Events
The Taub Faculty of Computer Science Events and Talks
Tomer Golany (Ph.D. Thesis Seminar)
Sunday, 18.04.2021, 09:00
Zoom Lecture:
996761764160
For password to lecture, please contact: tomer.golany@cs.technion.ac.il
Advisor: Dr. K. Radinsky, Dr. S. Itzhaky
32% of all global deaths in the world are caused by cardiovascular diseases. The Electrocardiogram (ECG) is a non-invasive tool to measure the electrical activity of the heart, and it is the most common test performed by cardiologists to detect heart-diseases.
Analyzing ECG signals manually is a hard task. Furthermore, abnormalities in the heart may occur at any time and not necessarily in the hospital.
Many attempts were made to automate this task using machine learning algorithms. However, this task is challenging. There are many types of possible disorders in the heart and extreme variations exist between different patients. Furthermore, for a deep learning model to succeed in its task, a large amount of annotated data is needed. However, analyzing and labeling ECG signals manually is prone to errors and consumes expensive experts time. We study the use of generative adversarial networks (GANs) for the synthesis of ECG signals, which can then be used as additional training data to improve ECG classification.
First, we present a GAN that learns to synthesize ECG heartbeats which can then be used as additional training data to improve classifier performance. Furthermore, to synthesize patient-specific ECG heartbeats, we propose a modified GAN optimized using a specialized loss function to mimic the morphology of the subject’s cardiac signal.

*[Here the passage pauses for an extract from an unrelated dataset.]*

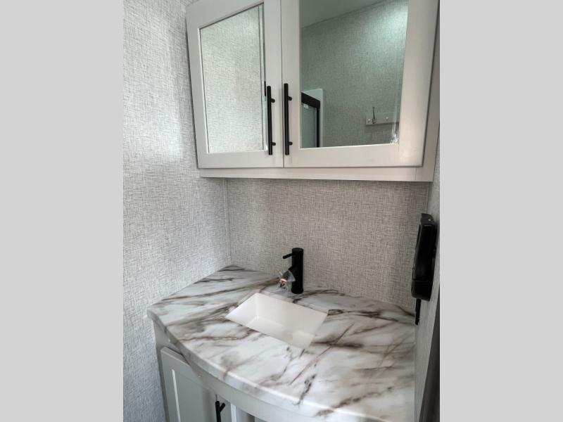 Each Hampton destination trailer by CrossRoads RV includes a one-piece fiberglass front cap, tinted glass windows, and an outside faucet that will surely come in handy when wanting to rinse off your hands or even shoes after exploring outdoors. Each is constructed with a fiberglass roof and floor insulation with radiant tech foil, an enclosed underbelly, and severe weather welded mounts and rain gutters along the entire roof line. And, the Convenience package that comes standard includes KeyTV, a microwave, a quilted bedspread, a power vent in the bathroom, and more. Other interior features offered include decorative accent lighting, an 8-foot floor to ceiling height, a patio door with a swing-out assist rail, and two-toned wood fascia. So choose your destination, select your favorite Hampton, and start feeling at home when you are actually on vacation!

In the second part of the thesis we take advantage of the nature of the ECG signal which describes the biological system of the heart. We study how to incorporate this knowledge into the generative process by leveraging a biological ECG simulator of the heart, defined by a system of ordinary differential equations (ODE) representing heart dynamics.

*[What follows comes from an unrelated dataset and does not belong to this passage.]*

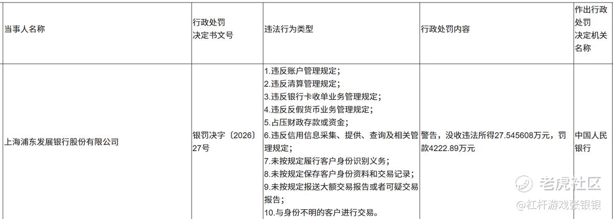 另外杠杆游戏注意到,2026年开年的这张千万级罚单,并非浦发银行近年里的独一份。
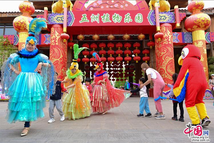 同期進行的文化演藝活動,今年在內容上也更加豐富,除了傳統地道的玲瓏舞龍獅、威風鑼鼓、民族春花漫舞秀、木蘭扇秀、氣勢磅礴的腰鼓等,還增添了小朋友喜愛的趣味小丑專場表演、卡通人偶巡游、南宮曉樂隊演出,大小朋友還可以一起動手體驗扎染和茶道的樂趣。此外,在南宮古風市集中,漢服愛好者既可拍照打卡,又能挑選琳瑯滿目的國潮商品和小吃,盡享國風游園的春之韻。

Furthermore, We study how the ECG dynamics can be learned directly by a GAN that combines both physical and data considerations.
We introduce an ECG-ODE-GAN framework, in which the generator learns the dynamics of a physical system in the form of an ODE.
Finally, we study the dynamics of a full 12-lead ECG signal, the most commonly used ECG exam in medical facilities. ECG sensors were developed to allow for the recording of the full 12-lead ECG signal at home. However, if even a single lead is not correctly positioned on the body that lead becomes corrupted, making an automatic diagnosis on the basis of the full signal impossible. We present a methodology to reconstruct missing or noisy leads using the theory of Koopman Operators. We learn a dynamical system describing the evolution of the 12 individual signals together in time, which enables to impute missing leads by solving a novel least-squares system. We perform an empirical evaluation using 12-lead ECG signals from thousands of patients and show that we are able to reconstruct signals in such a way that enables accurate clinical diagnosis.
This thesis is one of the first works to demonstrate the ability of deep learning to leverage knowledge about physiological systems to generate synthetic examples, specifically ECG signals. The algorithms presented enable full automation of ECG analysis, both in hospitals, and in home sensors.